WHAT THIS TASK INVOLVES »
Using the data below, reproduce exactly the lines from the line with "Stainless steel case" to the line with "- 競馬セブン:日曜中山6Rで三連単42点177倍含む三券種的中", both included; pictures must be dropped.

MATERIAL SHOWN »
────

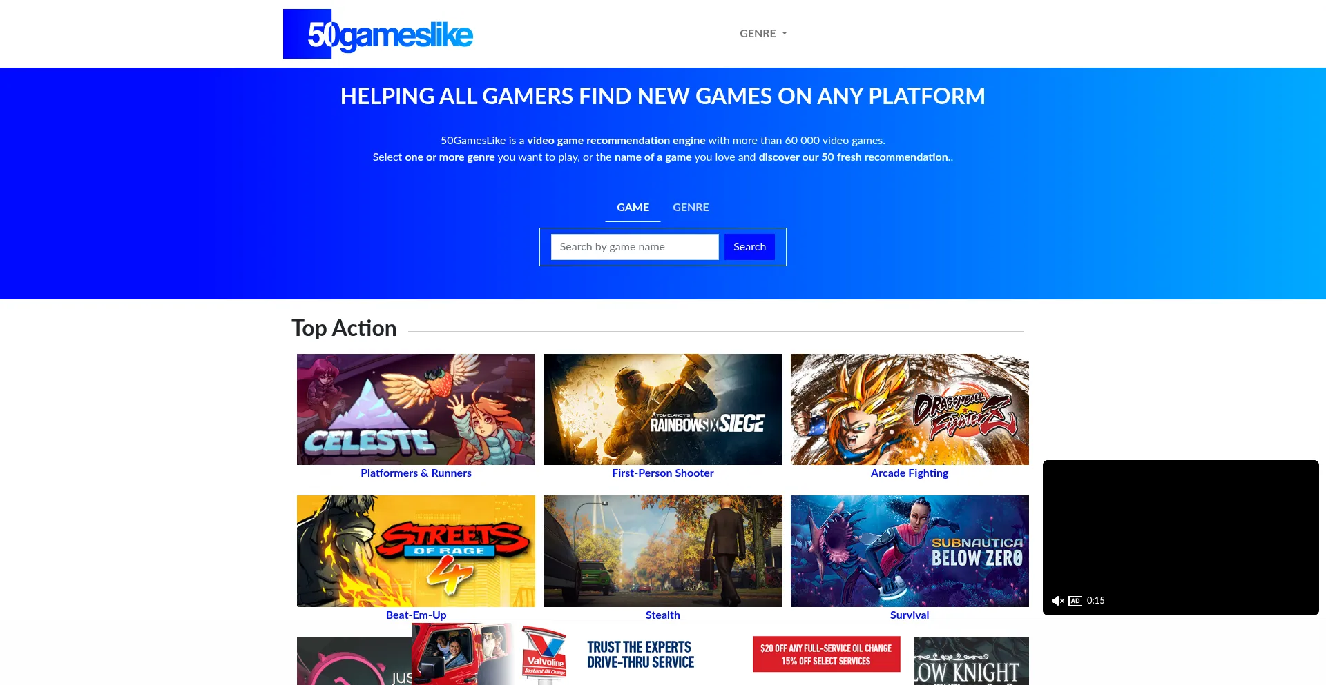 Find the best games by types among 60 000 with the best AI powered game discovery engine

────

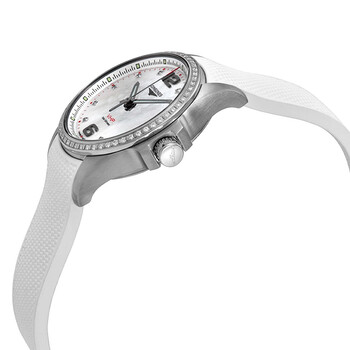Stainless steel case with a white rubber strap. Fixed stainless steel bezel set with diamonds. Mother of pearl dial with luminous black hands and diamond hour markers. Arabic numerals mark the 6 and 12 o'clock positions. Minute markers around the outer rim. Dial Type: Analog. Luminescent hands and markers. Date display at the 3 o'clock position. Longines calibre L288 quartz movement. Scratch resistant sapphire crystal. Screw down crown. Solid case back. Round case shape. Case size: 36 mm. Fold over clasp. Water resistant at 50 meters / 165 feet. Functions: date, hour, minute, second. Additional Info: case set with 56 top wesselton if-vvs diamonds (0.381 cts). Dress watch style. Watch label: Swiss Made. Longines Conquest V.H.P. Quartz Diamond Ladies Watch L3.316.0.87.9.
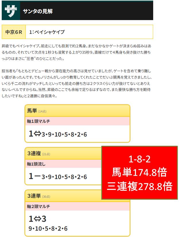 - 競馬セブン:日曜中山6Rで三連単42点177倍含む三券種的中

────

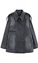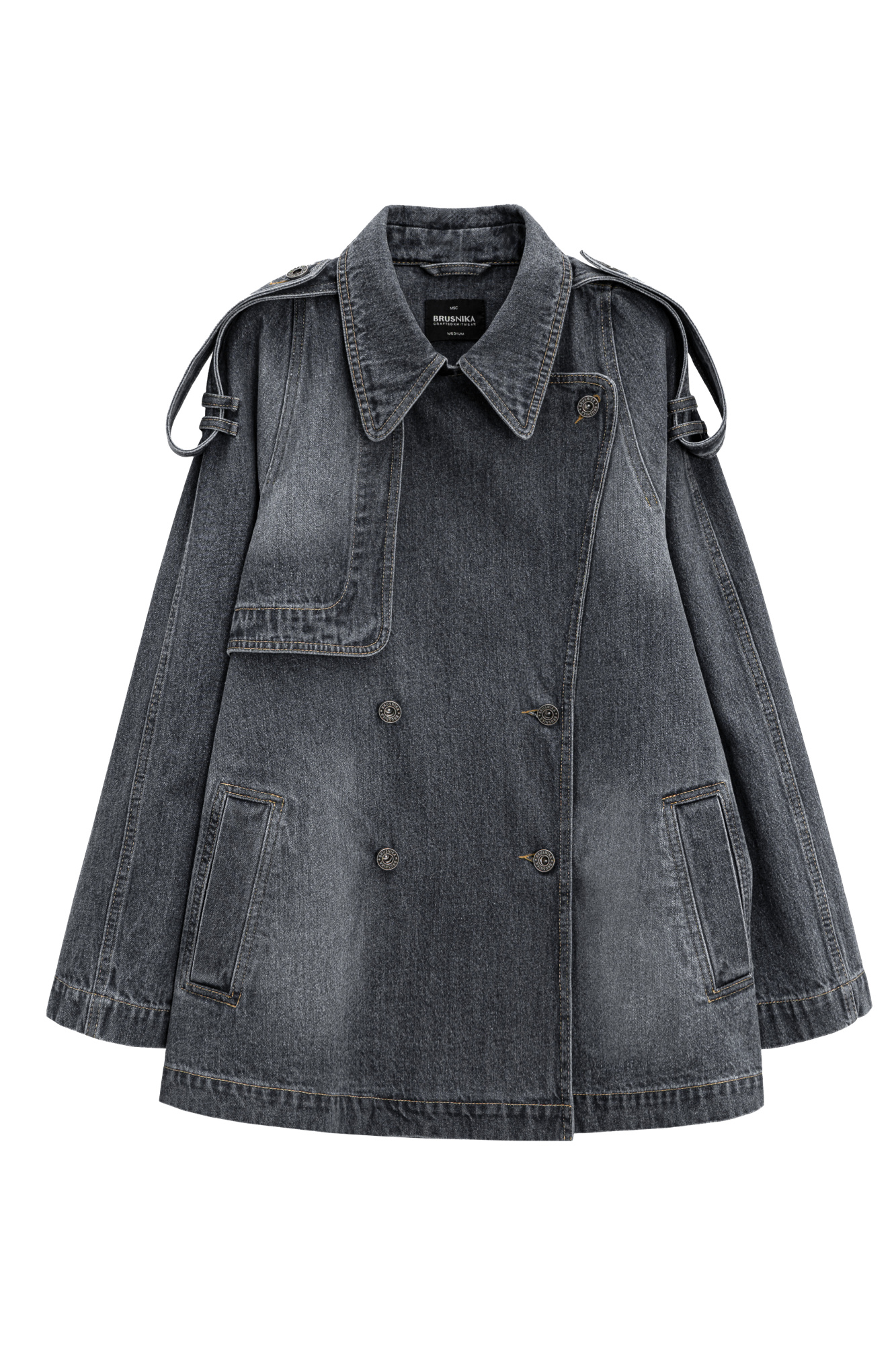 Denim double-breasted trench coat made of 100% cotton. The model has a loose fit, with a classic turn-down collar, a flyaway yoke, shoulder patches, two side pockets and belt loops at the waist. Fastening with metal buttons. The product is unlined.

────

RESULT FOR THIS TASK »
Stainless steel case with a white rubber strap. Fixed stainless steel bezel set with diamonds. Mother of pearl dial with luminous black hands and diamond hour markers. Arabic numerals mark the 6 and 12 o'clock positions. Minute markers around the outer rim. Dial Type: Analog. Luminescent hands and markers. Date display at the 3 o'clock position. Longines calibre L288 quartz movement. Scratch resistant sapphire crystal. Screw down crown. Solid case back. Round case shape. Case size: 36 mm. Fold over clasp. Water resistant at 50 meters / 165 feet. Functions: date, hour, minute, second. Additional Info: case set with 56 top wesselton if-vvs diamonds (0.381 cts). Dress watch style. Watch label: Swiss Made. Longines Conquest V.H.P. Quartz Diamond Ladies Watch L3.316.0.87.9.
 - 競馬セブン:日曜中山6Rで三連単42点177倍含む三券種的中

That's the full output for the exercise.